Crosspointe is a census-designated place in Fairfax County, Virginia, United States. The population as of the 2020 census was 5,722.

History 
On May 17, 1983, the William Lyon Company of Newport Beach, California, which owned the land that made up Crosspointe established the Crosspointe Village Homeowners' Association, a not for profit corporation, to provide services to Crosspointe's residents. Since then, the community has evolved into an upper middle class suburb of Washington, D.C.

Recreational and cultural activities 
The Crosspointe Community Center, located on Glen Eagles Lane (the headquarters of the Association), can be rented out for private parties.

Parks and recreation 
Crosspointe is home to several green spaces, with around 5 miles of trails.

Crosspointe is also near the Laurel Hill Golf Club in Lorton.

Crosspointe is about 1 mile from the Fairfax County Parkway Trail, about 3 miles from the Lakeridge Marina Waterfront Trail, and about 5 miles from the Bull Run Occoquan Trail. Crosspointe is also home to Heron Pond, a fishing pond. Giles Run, a tributary of the Occoquan River, begins at Heron Pond in Crosspointe and flows 6 miles to the southeast, ending at the Occoquan River in Mason Neck.

Crosspointe is home to two pools, one adjacent the clubhouse on Glen Eagles Lane, and another on Oak Chase Circle, which also has two tennis courts on the grounds.

Transportation 
Two major state highways directly serve Crosspointe: Virginia State Route 123 (Ox Road), which forms the northeastern boundary and also connects the CDP to Fairfax, Virginia State Route 286 (Fairfax County Parkway), and Virginia State Route 620 (Braddock Road) in the west, and Woodbridge, Interstate 95, and U.S. Route 1 in the east; and Virginia State Route 600 which connects Crosspointe to Lorton and Lorton Road in the east.

Geography 
It is located in southeast Fairfax County on the northeast side of Virginia Route 123,  north of Woodbridge and  south of Fairfax.
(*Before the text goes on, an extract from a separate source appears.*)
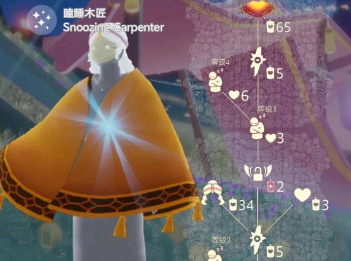 玩家需先进入墓土,向右上角飞行至遗忘方舟,在破船的船头或船尾附近找到该先祖。点燃先祖后需完成运火任务,难度较高,需在船上反复运送光线,最终在领取魔法的位置点燃石像并观看动画,才能解锁兑换资格。兑换公主头需要34根白蜡烛,同时该先祖还提供黄色流苏斗篷、打瞌睡动作等物品。

It is bordered to the north by the South Run CDP, to the northeast by the Newington Forest CDP, and to the southeast by the Laurel Hill CDP. According to the U.S. Census Bureau, Crosspointe has a total area of , of which  is land and , or 0.84%, is water. The CDP border is defined as Ox Road to the southwest, Hooes Road to the east, and South Run to the north.

Climate 
The climate in this area is characterized by hot, humid summers and generally mild to cool winters. According to the Köppen Climate Classification system, Crosspointe has a humid subtropical climate, abbreviated "Cfa" on climate maps.

Government 
Crosspointe is a census-designated place within Fairfax County; therefore, schools, roads, and law enforcement are provided by the county.

Board of directors 
The board is the legislative branch of the community government, led by the president, currently Howard Kaufer, and the vice-president, currently Larry Rice. According to the CC&Rs, the Association has the power to do anything a corporation "organized under the laws of the State of California" may lawfully do in order to maintain the peace, health, comfort, safety, general welfare of its members, subject to the regulations set forth in the CC&Rs. The Association may also construct, renovate, and landscape the Common Property and employ personnel to perform such activities.
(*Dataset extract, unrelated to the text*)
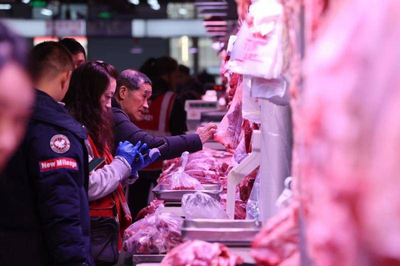 进入冬季以来,牛羊肉的销量逐渐增大,新发地综合交易大厅里的牛羊肉卖的非常火,据新发地市场宣传部副部长 谢磊介绍,近期市民对牛羊肉的需求增强了,带动了牛羊肉的销售。目前,羊的日屠宰量在1100头左右,羊肉批发价在22元/斤左右,牛屠宰量为100多头,牛肉批发价在31元/斤左右。

The board also has the power to appoint and remove, at will, the three members of the Architectural Review Committee. Both the committee and the board usually meet at the Crosspointe Community Center.

Representation 
The part of Crosspointe in the Springfield District, including the Community Center, is within Virginia's 10th congressional district, currently represented in Congress by Representative Jennifer Wexton (D-Leesburg), while the part of Crosspointe in the Mt. Vernon District is within Virginia's 11th congressional district, currently represented in Congress by Representative Gerry Connolly (D-Mantua). Crosspointe is represented by Kathy Tran (D-West Springfield) in the state House of Delegates, and by George Barker (D-Clifton) in the state Senate.

Local media 
Crosspointe lies within the distribution zone for two national newspapers, the Washington Post, and the Washington Times, as well as for the local Fairfax Times. Crosspointe is also covered by AOL's Patch service's Fairfax Station and Lorton divisions.

Education

Primary and secondary schools 
As a part of Fairfax County, Crosspointe is served by the Fairfax County Public Schools and private schools. Crosspointe is served by one high school, South County High School, and one middle school, South County Middle School, both in adjacent Laurel Hill.

Public elementary schools 

 Silverbrook Elementary School
 Halley Elementary School

Colleges and universities 
Crosspointe is near a few higher education centers, including Agora University and Holy Transfiguration College.

Public libraries 
Crosspointe is served by the Lorton Library, a branch of the Fairfax County Public Library System.

Demographics 
As of 2019, Crosspointe had an estimated median household income of $193,472.